紮拉抬起頭,看著這個沒被打招呼就進來的男人,碧色的眼眸中帶著一絲警惕。
“林侯爺,深夜來訪,有什麼事?”
林年沒有廢話,直接說。
“我要沙國王室對抗‘太陽神教’的核心機密。”
紮拉的瞳孔猛地一縮。
林年盯著她的眼睛,一字一句的說:“引火之術。”
轟!
紮拉的大腦一片空白,她猛地從椅子上站起,臉色變得慘白,然後感到憤怒。
“不可能!”
她直接拒絕,聲音因為激動而有些顫抖。
“引火之術是我沙國王室最後的尊嚴,是流淌在曆代先王血脈中的傳承!它不是可以交易的東西!”
紮拉緊緊攥著拳,驕傲的抬起頭。
“林年,我感激你收留我的子民,但我絕不會用我族的信仰與血脈秘密,來換取你的庇護!”
“你錯了。”林年看著她,眼神平靜。
“我隻告訴你一個事實。黑日教的審判者已經出現在北境,他們的力量,你也見識過。沒有引火之術,我的天火計劃就有巨大的問題。”

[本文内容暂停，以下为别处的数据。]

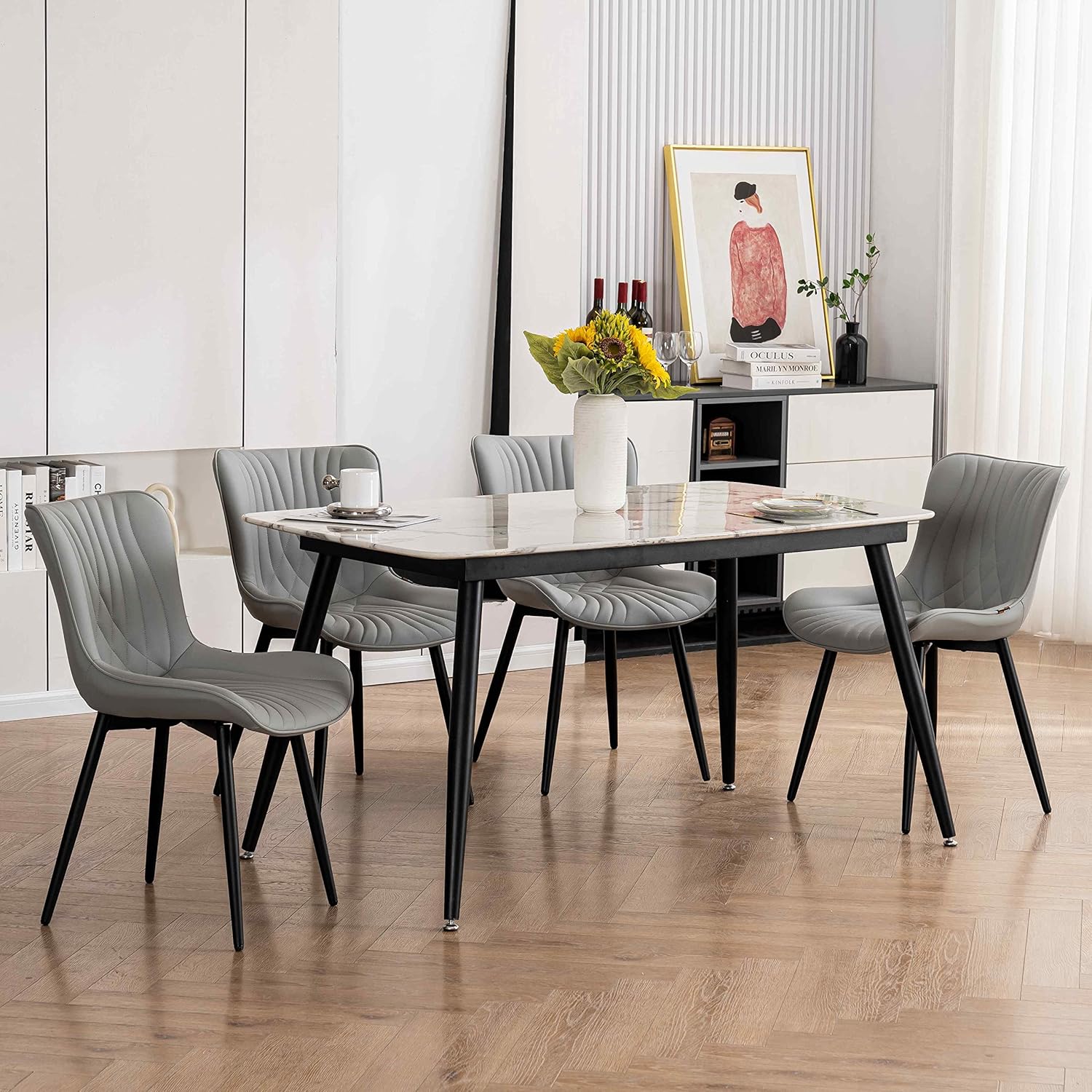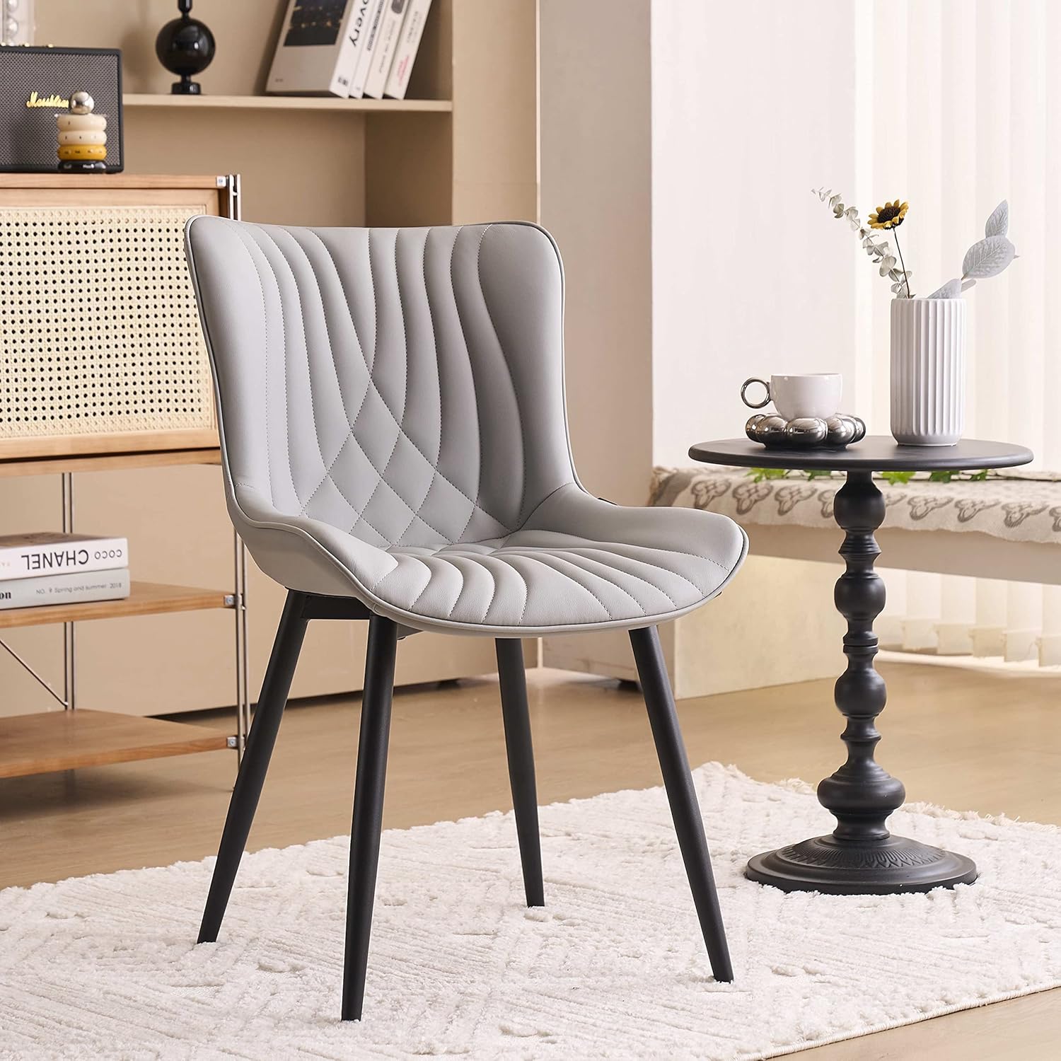 YOUTASTE Grey Dining Chairs Set of 2 Faux Leather Upholstered Kitchen Dining Room Chairs Mid Century Modern Metal Legs Chairs High Back for Kitchen Restaurant Living Room Bedrooms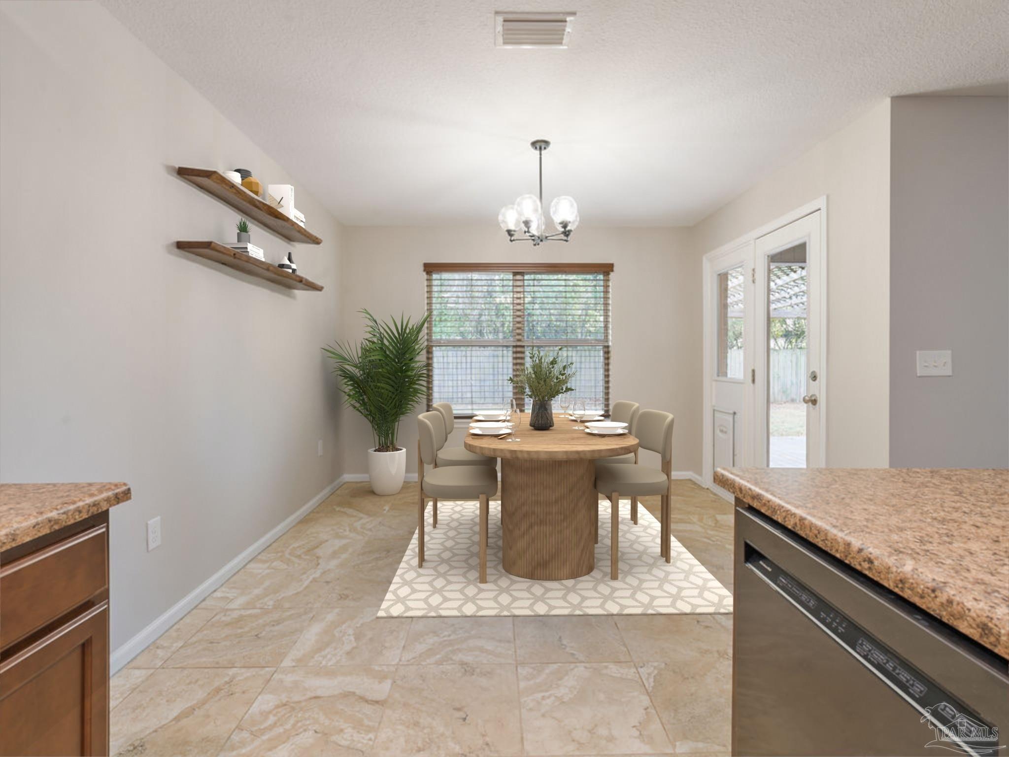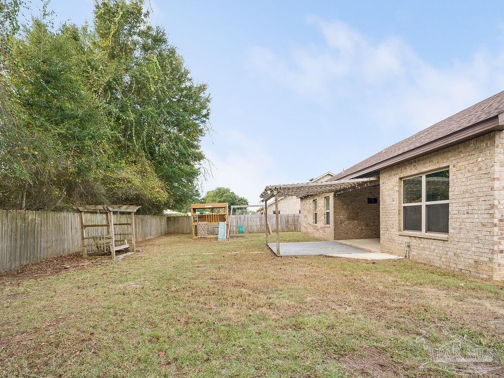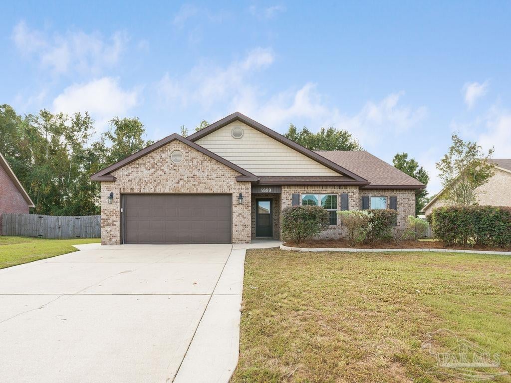 Welcome to this beautifully maintained 4-bedroom, 2-bath all-brick home offering 1,976 square feet of comfortable, thoughtfully designed living space in a convenient Pace location. Inside, you'll find fresh interior paint and brand-new carpet in all bedrooms, creating a bright and inviting atmosphere. The open-concept kitchen flows seamlessly into the living area, making the home ideal for both easy everyday living and effortless entertaining. A new roof installed in 2021, paired with the long-lasting durability of an all-brick exterior, provides excellent peace of mind. The fenced backyard offers a private outdoor escape with plenty of room to relax, host gatherings, or let pets enjoy the space — complete with an existing playset for added convenience. Situated on a spacious lot within a small HOA community, this home offers the perfect balance of privacy and accessibility. You’re just minutes from Publix, Target, dining, shopping, and highly rated local schools. A two-car garage and a series of thoughtful updates make the home move-in ready from day one. With its solid construction, larger lot, and welcoming neighborhood atmosphere, this property delivers exceptional value and everyday comfort in a prime Pace location.

“一旦防線被破,雍城會變成死城,你和你那些子民,也會成為黑日教淨化的物件。”
“尊嚴不能讓你複國。”
林年的聲音冷酷而直接。
“但力量,可以。”
他向前一步,看著紮拉的眼睛。
“交出引火之術,我幫你奪回王國。不然,你就帶著你的王室尊嚴,和你的子民一起,死在這場戰爭裡。”